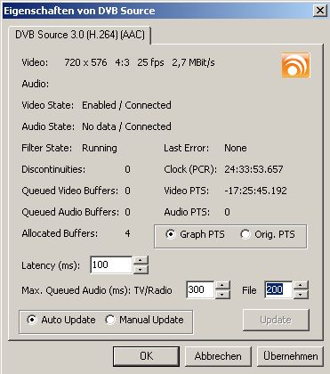 CiNcH Posted April 4, 2008 Author Posted April 4, 2008 Ok, dann ist es nicht verwunderlich, dass die TS-Daten nach Rebuild Graph anliegen. Da ist das CI wahrscheinlich nicht so schnell initialisiert und die Daten laufen noch nicht darüber. Die CI-Reinitialisierung scheint aber ganz schnell von statten zu gehen. Startet man den DVBViewer, sieht man nach wenigen Sekunden immer den kurzen Glitch, wenn das CI initialisiert wurde und die Daten ab dann durch das CAM laufen (4 Discontinuities ca.). Muss ich nochmal schauen wie das Verhalten bei Rebuild Graph ist. Auch im MMI hab ich da keinen Unterbruch feststellen können, das scheint also zustandslos zu sein. Quote
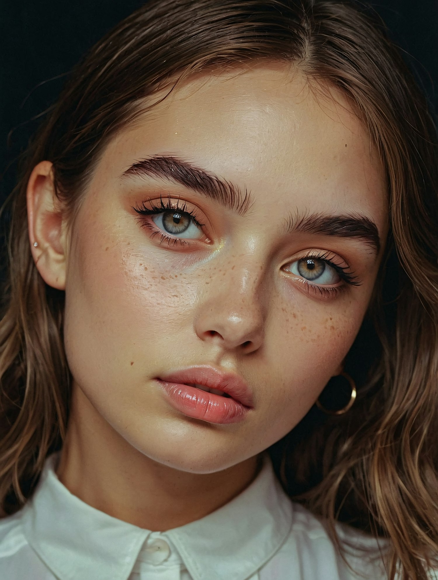 Close-up portrait of a young woman with blue eyes, brown hair, and a white shirt, set against a dark background.
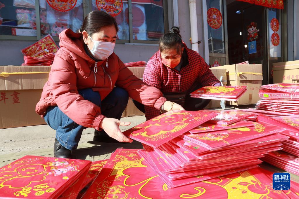 12月18日,在山東省高密市夏莊鎮東李村春聯批發銷售點,客商在挑選春聯產品。
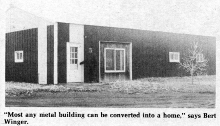 "Beats living in a trailer house," claims Bert Winger, Fergus Falls, Minn., who's lived for three years in a steel-sided pole barn house he built.

Directions for this task -
Copy out the full material exactly. Pictures should not appear in it.

Written solution -
 CiNcH Posted April 4, 2008 Author Posted April 4, 2008 Ok, dann ist es nicht verwunderlich, dass die TS-Daten nach Rebuild Graph anliegen. Da ist das CI wahrscheinlich nicht so schnell initialisiert und die Daten laufen noch nicht darüber. Die CI-Reinitialisierung scheint aber ganz schnell von statten zu gehen. Startet man den DVBViewer, sieht man nach wenigen Sekunden immer den kurzen Glitch, wenn das CI initialisiert wurde und die Daten ab dann durch das CAM laufen (4 Discontinuities ca.). Muss ich nochmal schauen wie das Verhalten bei Rebuild Graph ist. Auch im MMI hab ich da keinen Unterbruch feststellen können, das scheint also zustandslos zu sein. Quote
 Close-up portrait of a young woman with blue eyes, brown hair, and a white shirt, set against a dark background.
 12月18日,在山東省高密市夏莊鎮東李村春聯批發銷售點,客商在挑選春聯產品。
 "Beats living in a trailer house," claims Bert Winger, Fergus Falls, Minn., who's lived for three years in a steel-sided pole barn house he built.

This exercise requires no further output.